Entitlement card
This one falls into the class of political euphemisms. The British Home Office (the government department responsible for the police, judicial system, and related matters) has proposed that all British citizens be issued with identity cards. The aims include reducing the levels of identity fraud (especially using stolen credit cards) and to reassure people who are concerned about illegal immigrants gaining access to employment and services. It is suggested that the cards — which would be smart cards containing an embedded chip — might contain biometric data such as fingerprints or iris records as well as information about the holder. To help sugar the pill, the Home Office decided not to call them identity cards, a concept and a term that has been consistently and successfully opposed by libertarians in Britain. Since the cards would prove the holder was entitled to medical and other services, the consultation document that put the idea out for discussion earlier this month called them entitlement cards instead.

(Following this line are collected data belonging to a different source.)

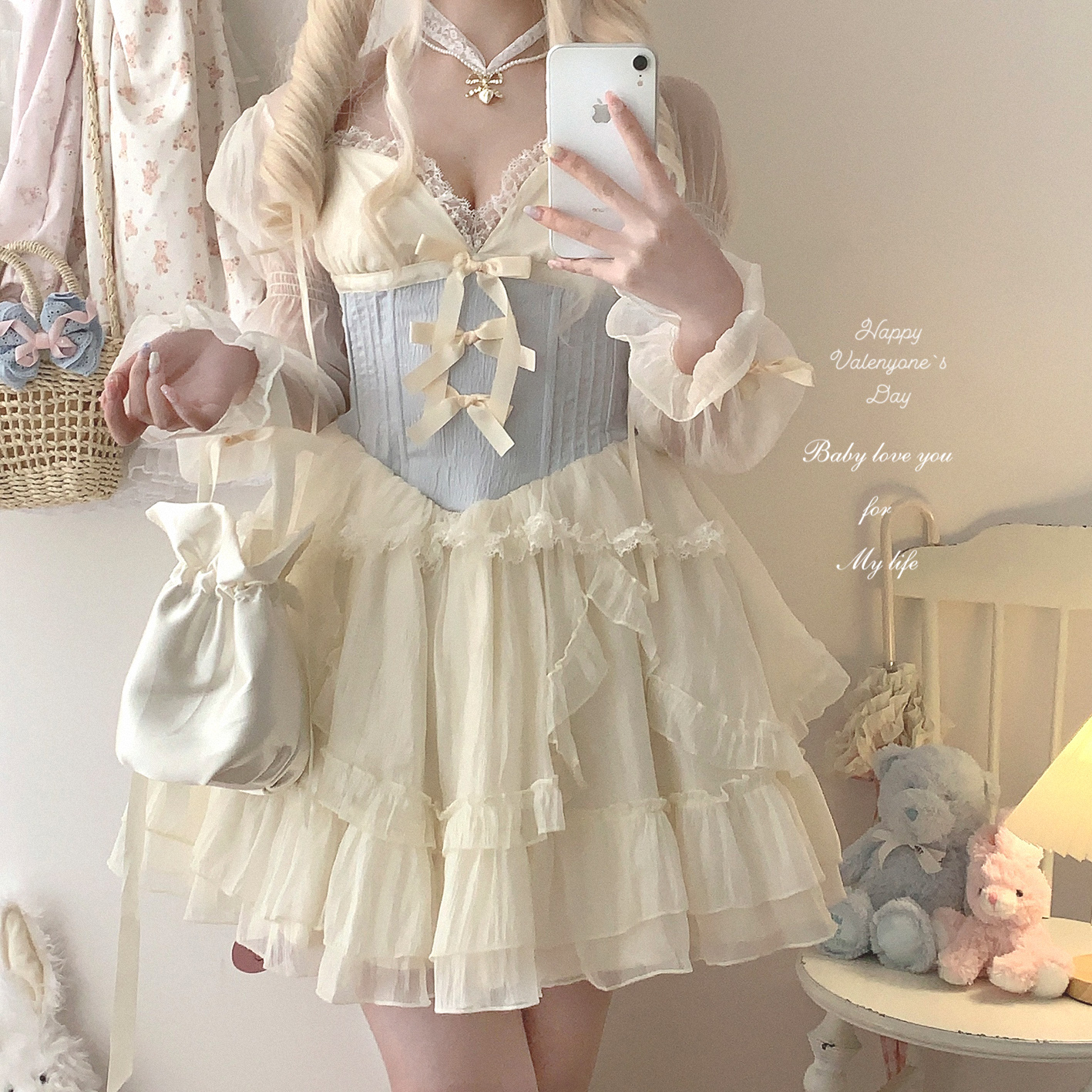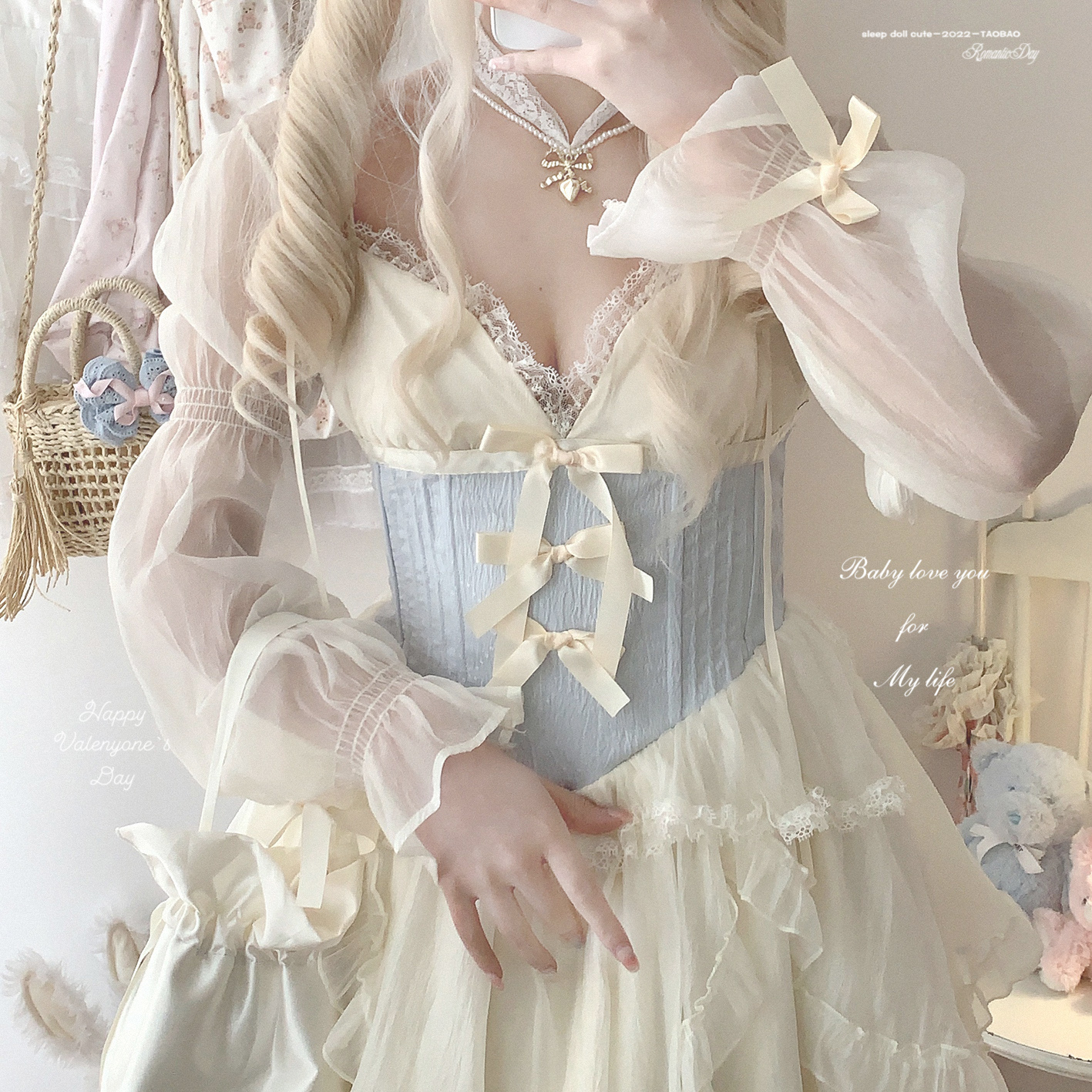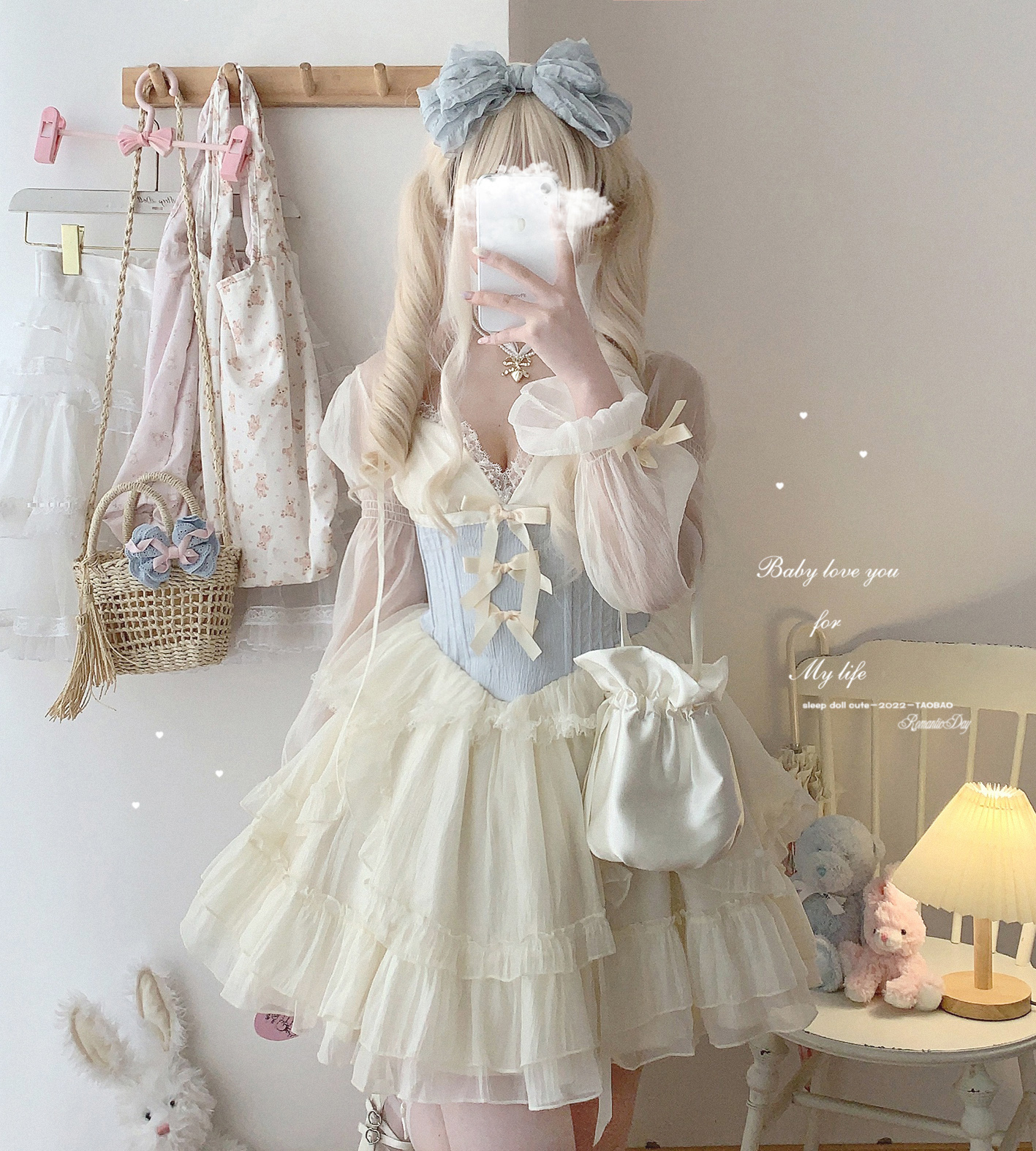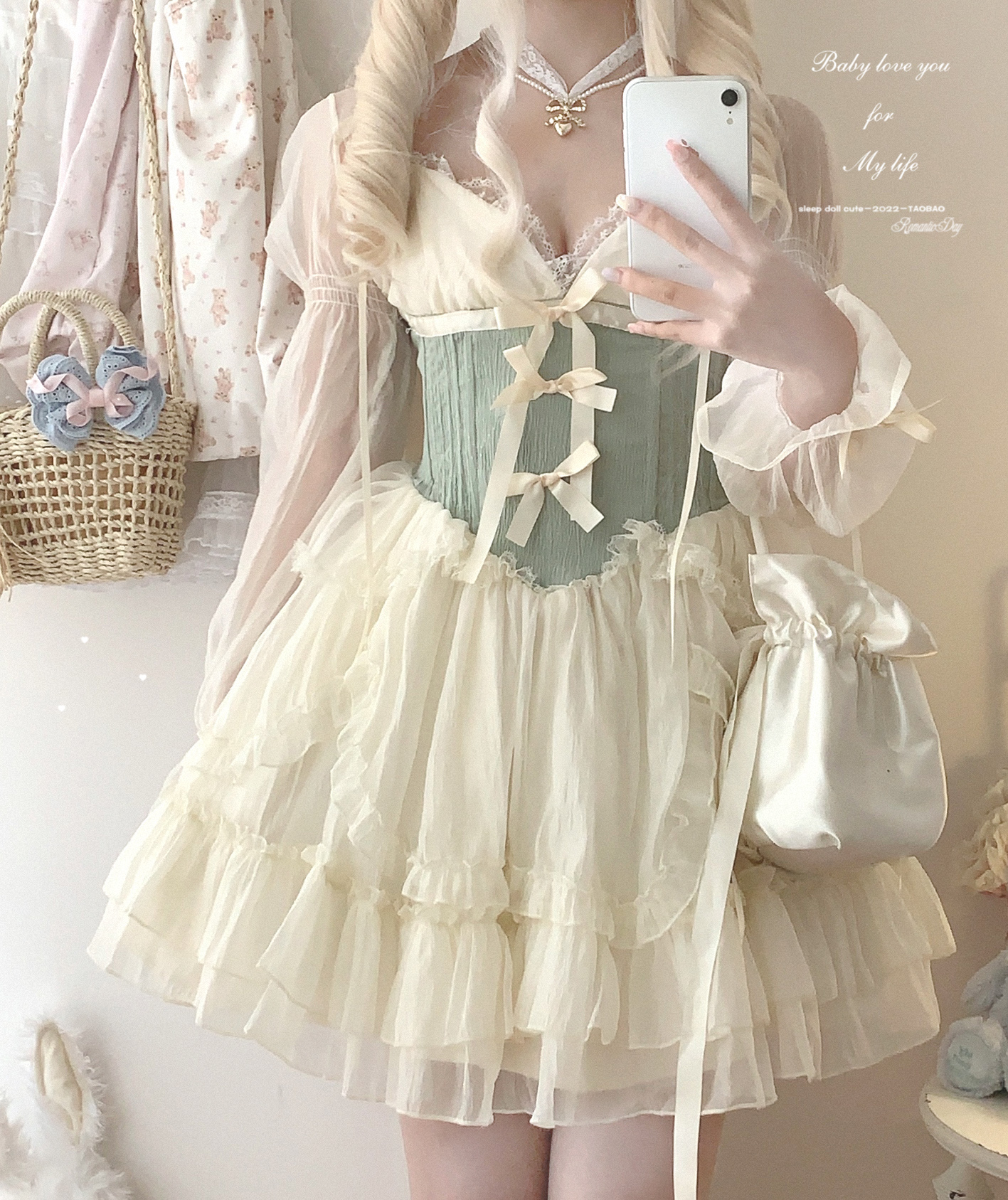 *sleepingdoll自制* 雲霧之姬 蝴蝶結提花復古吊帶蓬蓬洋裝
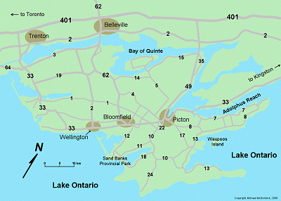 The easiest way to get to Prince Edward County is, of course, to drive there by car. Another possibility is to take the train to Belleville, which is located immediately north of the peninsula. You can bring a bike on some (but not all) VIA passenger trains for an extra $20, and it is possible to get a special protective box at certain stations. The train station in Belleville is located right in town, and only a few kilometres away from the bridge that leads to Prince Edward County. You will have to be prepared to do a bit of climbing to get over the bridge which arches high above the Bay of Quinte (the 2 lane road on the bridge is reasonably wide and has a very narrow paved shoulder).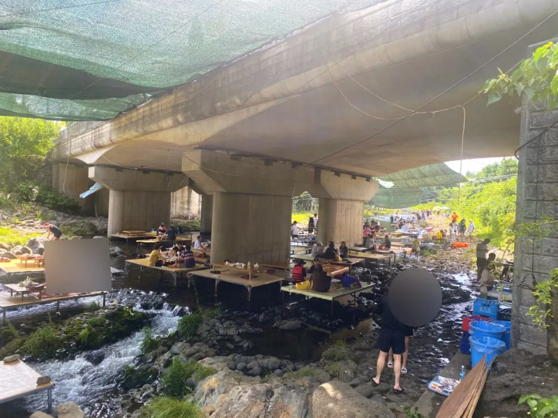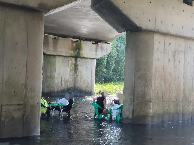 이렇게 테이블을 설치하고 물에 발을 담그고 백숙을 즐기면서 물놀이를 즐길 수 있답니다.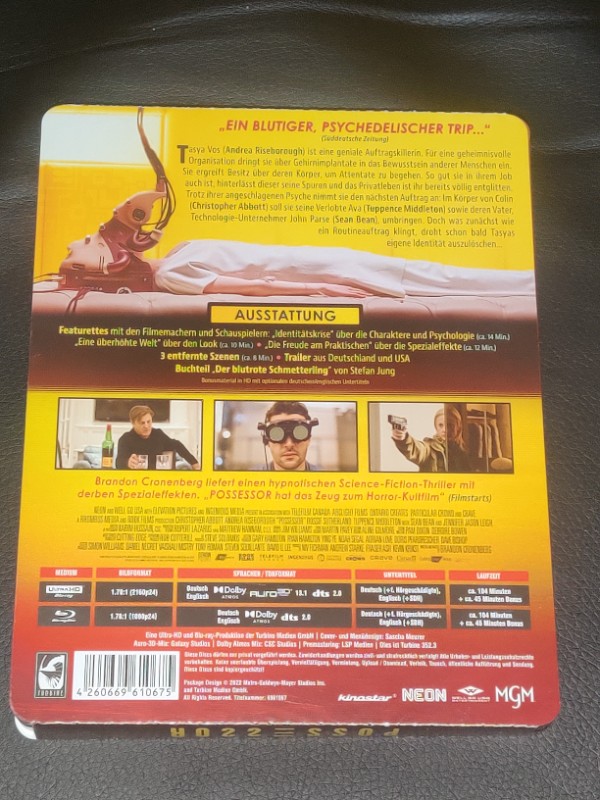 Erleben Sie Possessor, ein packender Film von Brandon Cronenberg, in atemberaubender 4K Ultra HD und Blu-ray-Qualität. Diese limitierte Steelbook Edition bietet nicht nur den Film ungeschnitten und unzensiert, sondern auch eine hochwertige Sammlerhülle, die jedes Heimkino aufwertet. Tauchen Sie ein in die hypnotische, elektrisierende und verstörende Welt von Possessor, die durch die brillanten HDR-Farben und den gestochen scharfen 100p Audio & Coloration Effekte verstärkt wird. Bestens geeignet für alle Liebhaber von Horror, die das ultimative Erlebnis suchen. Überzeugen Sie sich selbst von dieser einzigartigen und limitierten Edition und bereichern Sie Ihre Sammlung mit einem Meisterwerk der Filmkunst!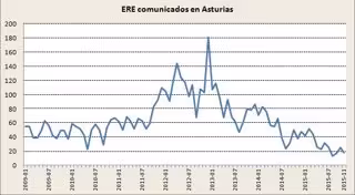 Durante el undécimo mes del año se han comunicado en Asturias 18 ERE, un 52,6 por ciento menos que los comunicados el mismo mes del año anterior. Sin embargo, el número de trabajadores afectados ha aumentado un 27 por ciento.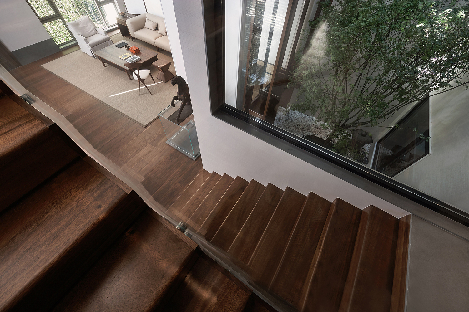 整條樓梯以北美胡桃木拼接,讓原本多層的樓梯分隔開左右兩邊的空間,少了幾分硬度,多了幾分溫度,邊界模糊化,讓整個上下樓層有了情感的鏈接。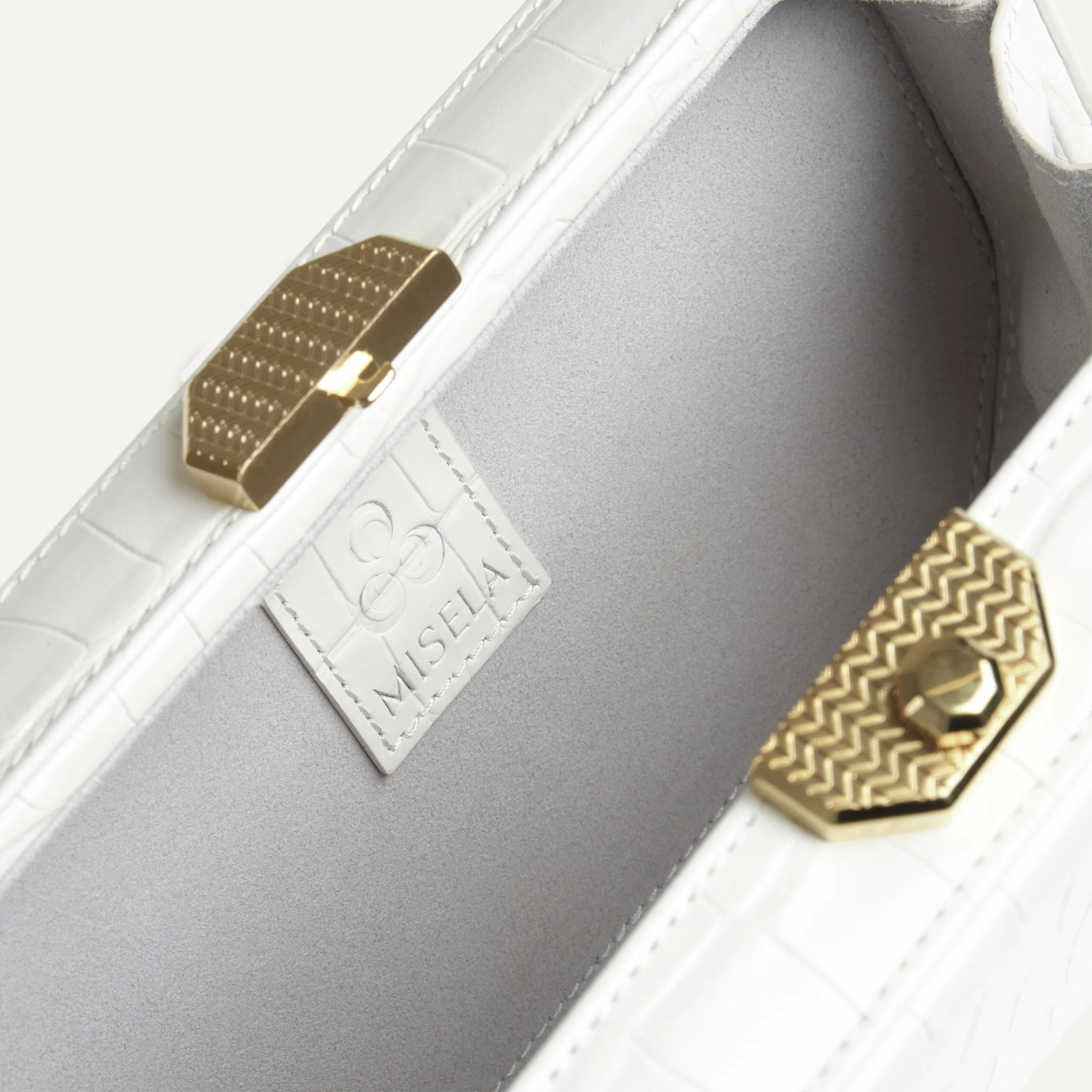 A standout piece from Misela’s Belgravia collection, the Alexa is a sophisticated octagon-shaped clutch designed for special occasions. Crafted in crocodile-pattern embossed leather for SS’25 and featuring Misela’s iconic herringbone lock, the Alexa clutch adds rich texture and refined elegance to any ensemble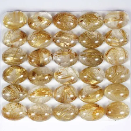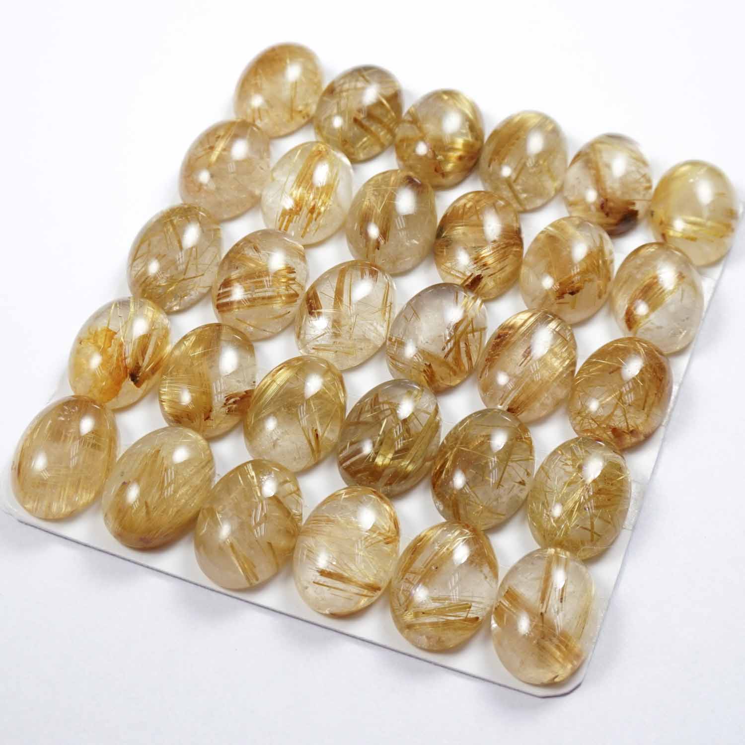 Gold Rutilated Quartz Oval Cabochon Calibrated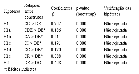 As estimativas do coeficiente de caminho são apresentadas na Tabela 3. Estes são os coeficientes estimados para as relações diretas e indiretas, no que diz respeito a H1 (a, b, c, d, e), e a H2. Estes resultados e os correspondentes valores de p-values são resultados do software SmartPLS. Nenhuma hipótese é rejeitada nesta pesquisa (p <0.05).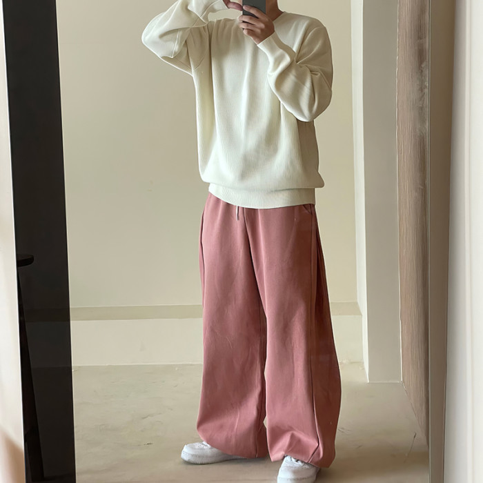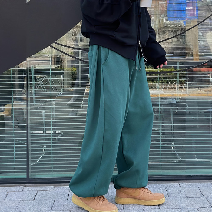 褲子男春季垂墜感濶腿束腳運動衛褲美式復古痞帥重磅寬鬆休閒長褲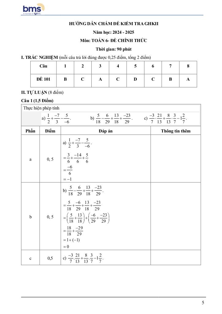 Toán học luôn là một môn học quan trọng, giúp học sinh phát triển tư duy logic và kỹ năng giải quyết vấn đề. Để hỗ trợ các bạn học sinh và giáo viên trong việc học tập và giảng dạy, bài viết này sẽ cung cấp lời giải chi tiết và đáp án chính xác cho chủ đề đề giữa học kì 2 toán 6 năm 2024 – 2025 trường ban mai school – hà nội, giúp bạn hiểu sâu và tự tin hơn khi làm bài tập.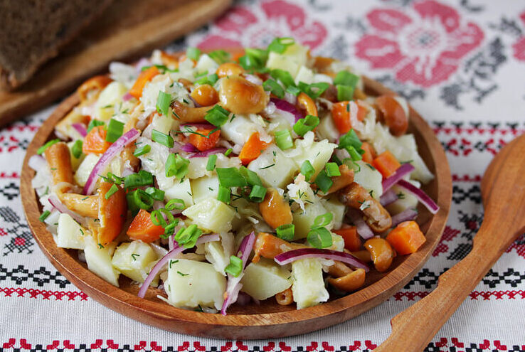 Готовим картофельный салат с маринованными грибами и квашеной капустой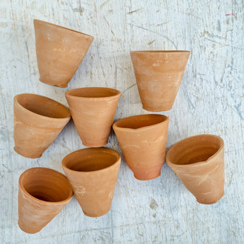 These hand-spun mini-wonders are hand-made in natural unglazed terracotta clay and then kiln-fired. So expect to see irregular edges, finger marks and a variation in the colour/tone due to the ash and variation in mineral content.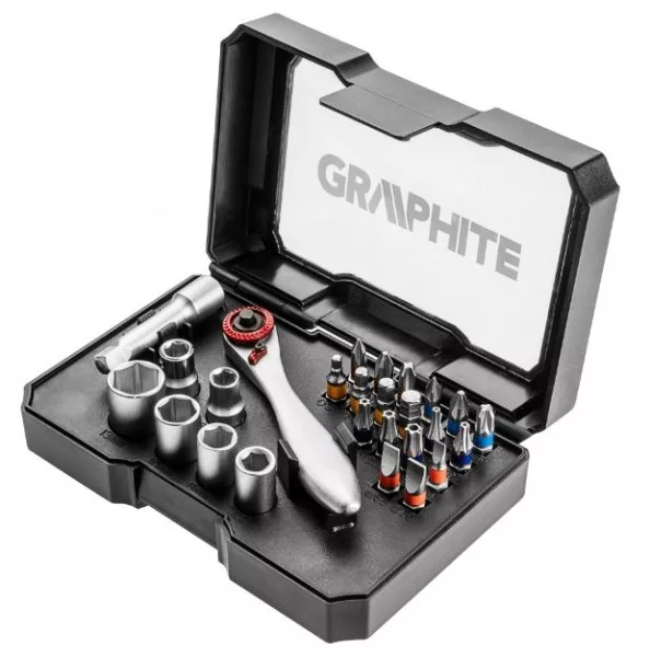 GRAHPITE bit és dugókulcs alapkészlet (nr. ref 56H604), ideális a kisebb szerelési munkákhoz. A racsnis hajtóval szolidan és gyorsan összeszerelheti az elemeket

The Home Office believes that by building the entitlement cards into newly issued driving licences or passports it can make the scheme self-funding. Of the 51 million UK residents who would require entitlement cards, some 38 million already hold driving licences and 44 million have British passports.
Independent, July 2002
An entitlement card would make it far harder for firms to claim they did not know someone had no right to work in the UK. And it would help tackle one of the major “pull” factors for people traffickers who claim it is easy to work illegally in the UK.